> WORK TO COMPLETE:
A copy of the listing below is needed, exact in every line and without images.
----- DATA BLOCK
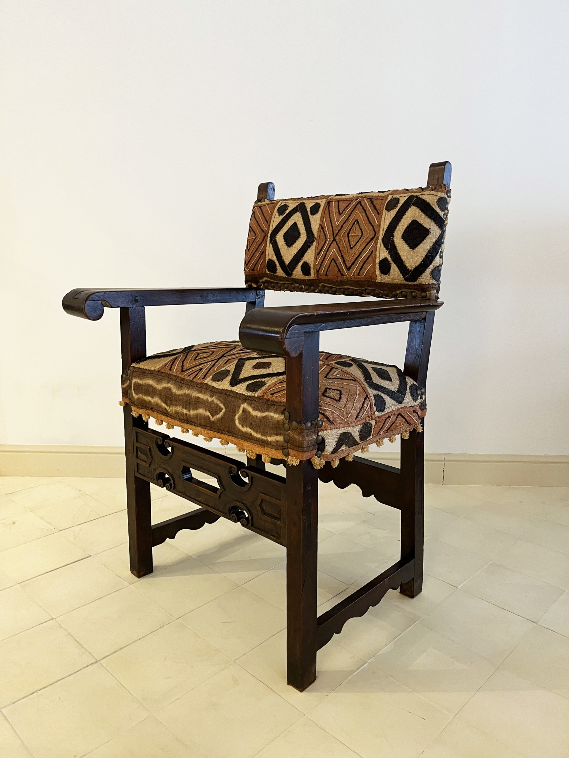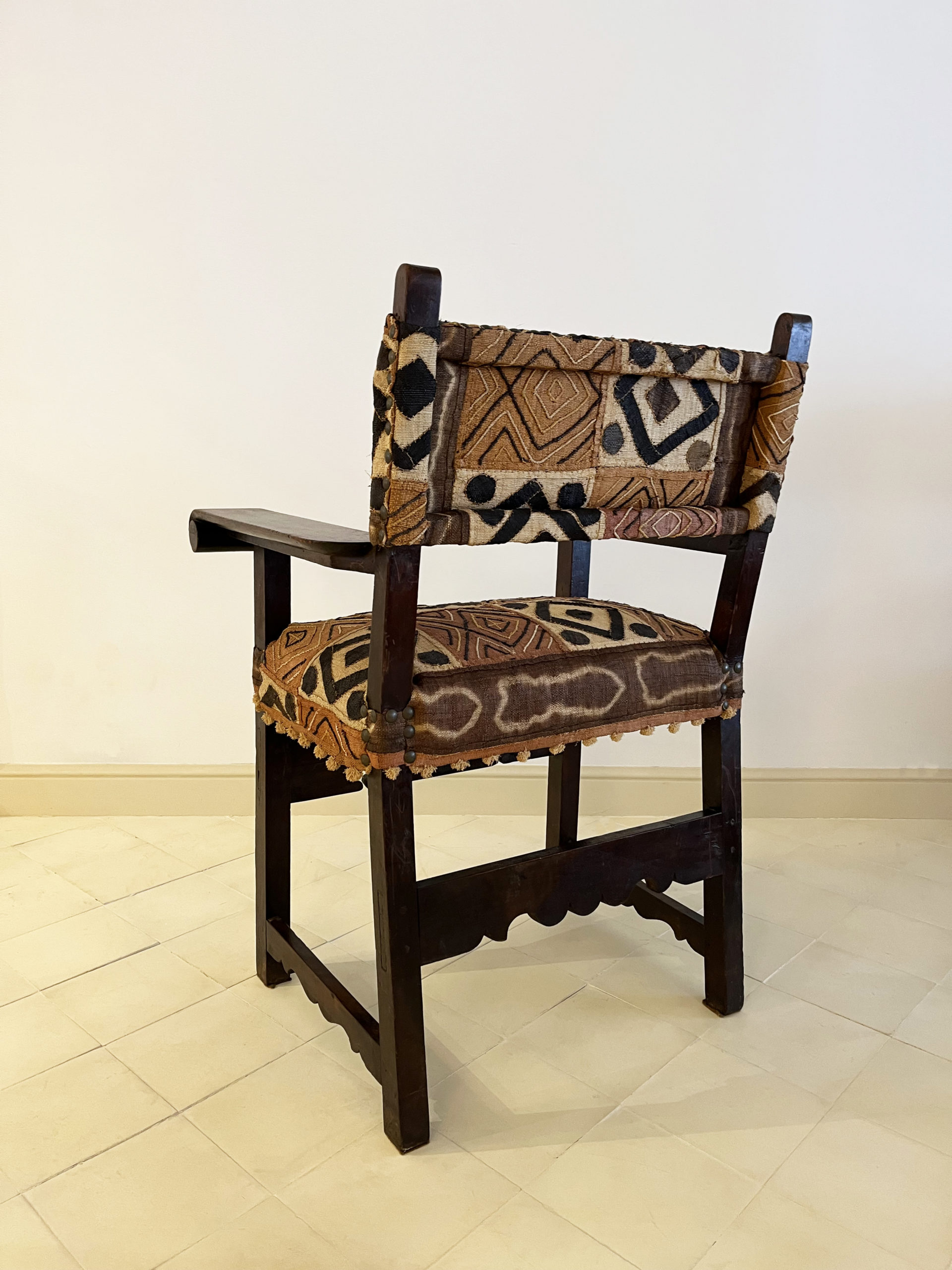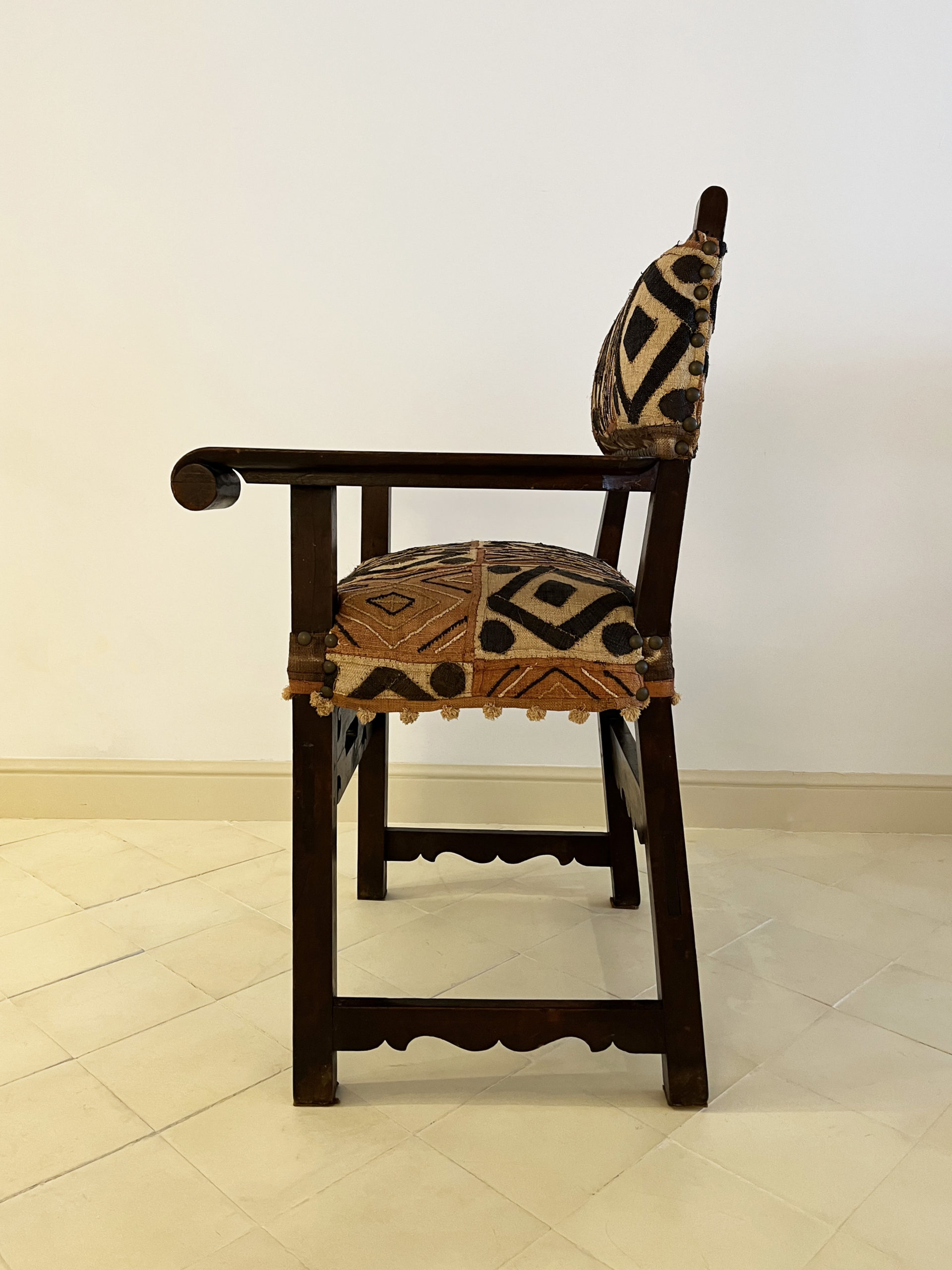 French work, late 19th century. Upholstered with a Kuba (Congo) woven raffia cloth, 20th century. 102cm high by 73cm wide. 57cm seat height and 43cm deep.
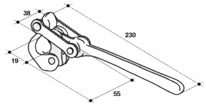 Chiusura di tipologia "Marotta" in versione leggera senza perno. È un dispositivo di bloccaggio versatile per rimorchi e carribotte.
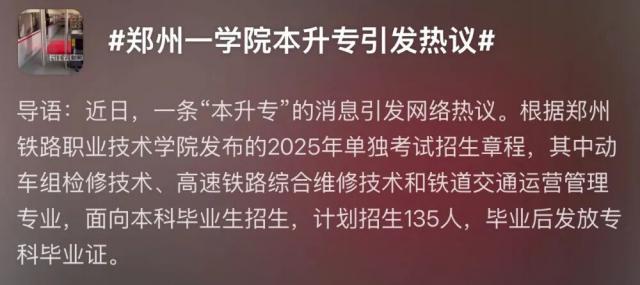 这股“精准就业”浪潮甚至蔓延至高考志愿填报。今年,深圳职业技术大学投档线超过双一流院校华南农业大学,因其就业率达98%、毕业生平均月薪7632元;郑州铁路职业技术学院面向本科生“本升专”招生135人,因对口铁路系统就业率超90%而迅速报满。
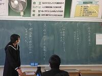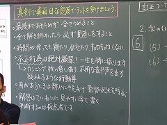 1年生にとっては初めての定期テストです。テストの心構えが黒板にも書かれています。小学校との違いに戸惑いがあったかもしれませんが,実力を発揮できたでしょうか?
----------
> RESPONSE AREA:
 French work, late 19th century. Upholstered with a Kuba (Congo) woven raffia cloth, 20th century. 102cm high by 73cm wide. 57cm seat height and 43cm deep.
 Chiusura di tipologia "Marotta" in versione leggera senza perno. È un dispositivo di bloccaggio versatile per rimorchi e carribotte.
 这股“精准就业”浪潮甚至蔓延至高考志愿填报。今年,深圳职业技术大学投档线超过双一流院校华南农业大学,因其就业率达98%、毕业生平均月薪7632元;郑州铁路职业技术学院面向本科生“本升专”招生135人,因对口铁路系统就业率超90%而迅速报满。
 1年生にとっては初めての定期テストです。テストの心構えが黒板にも書かれています。小学校との違いに戸惑いがあったかもしれませんが,実力を発揮できたでしょうか?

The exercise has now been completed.